> _RECORDS SHOWN_:
○ ○ ○

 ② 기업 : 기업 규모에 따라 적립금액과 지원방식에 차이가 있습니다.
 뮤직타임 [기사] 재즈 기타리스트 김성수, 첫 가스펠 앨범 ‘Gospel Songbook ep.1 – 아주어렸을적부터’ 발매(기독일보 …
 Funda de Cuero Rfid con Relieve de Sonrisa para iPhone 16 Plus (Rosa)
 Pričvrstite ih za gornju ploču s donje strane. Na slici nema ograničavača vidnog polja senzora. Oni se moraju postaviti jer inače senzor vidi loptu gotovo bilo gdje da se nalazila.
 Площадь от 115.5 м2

○ ○ ○

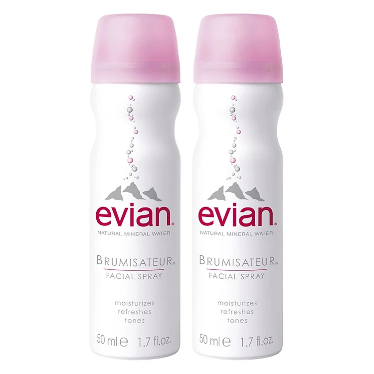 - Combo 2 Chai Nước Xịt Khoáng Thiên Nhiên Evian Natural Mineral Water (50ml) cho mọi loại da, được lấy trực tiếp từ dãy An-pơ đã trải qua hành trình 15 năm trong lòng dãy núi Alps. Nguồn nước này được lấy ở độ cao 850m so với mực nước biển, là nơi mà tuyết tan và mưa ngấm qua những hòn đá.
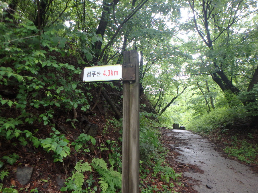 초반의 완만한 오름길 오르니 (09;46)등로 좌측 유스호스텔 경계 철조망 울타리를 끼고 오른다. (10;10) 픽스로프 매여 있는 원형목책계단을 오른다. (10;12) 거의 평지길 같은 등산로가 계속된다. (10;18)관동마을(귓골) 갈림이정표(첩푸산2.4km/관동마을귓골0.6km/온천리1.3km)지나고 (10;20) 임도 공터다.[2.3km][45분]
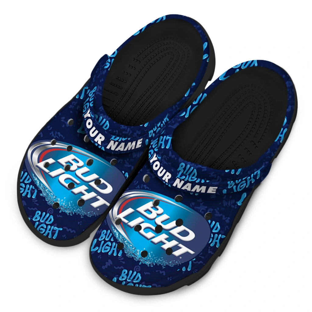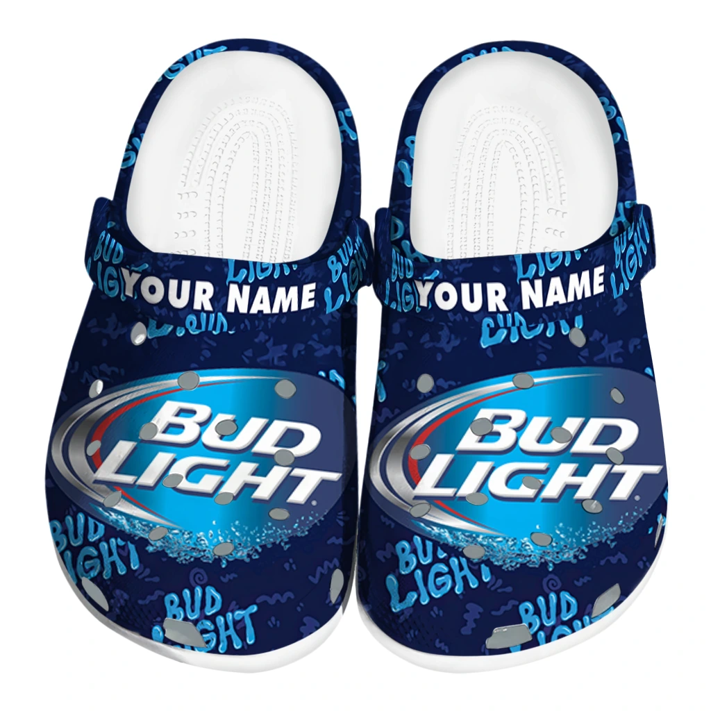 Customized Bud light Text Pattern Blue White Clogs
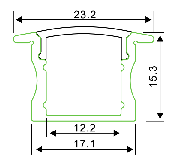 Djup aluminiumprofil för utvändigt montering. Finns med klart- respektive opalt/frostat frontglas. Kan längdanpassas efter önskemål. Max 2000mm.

○ ○ ○

> _ABOUT THIS EXERCISE_: Using the records above, set down exactly the lines from the one with "② 기업 : 기업 규모에 따라 적립금액과 지원방식에 차이가 있습니다." through the one with "Площадь от 115.5 м2", inclusive, and nothing more.

> _ANSWER BOX_:
 ② 기업 : 기업 규모에 따라 적립금액과 지원방식에 차이가 있습니다.
 뮤직타임 [기사] 재즈 기타리스트 김성수, 첫 가스펠 앨범 ‘Gospel Songbook ep.1 – 아주어렸을적부터’ 발매(기독일보 …
 Funda de Cuero Rfid con Relieve de Sonrisa para iPhone 16 Plus (Rosa)
 Pričvrstite ih za gornju ploču s donje strane. Na slici nema ograničavača vidnog polja senzora. Oni se moraju postaviti jer inače senzor vidi loptu gotovo bilo gdje da se nalazila.
 Площадь от 115.5 м2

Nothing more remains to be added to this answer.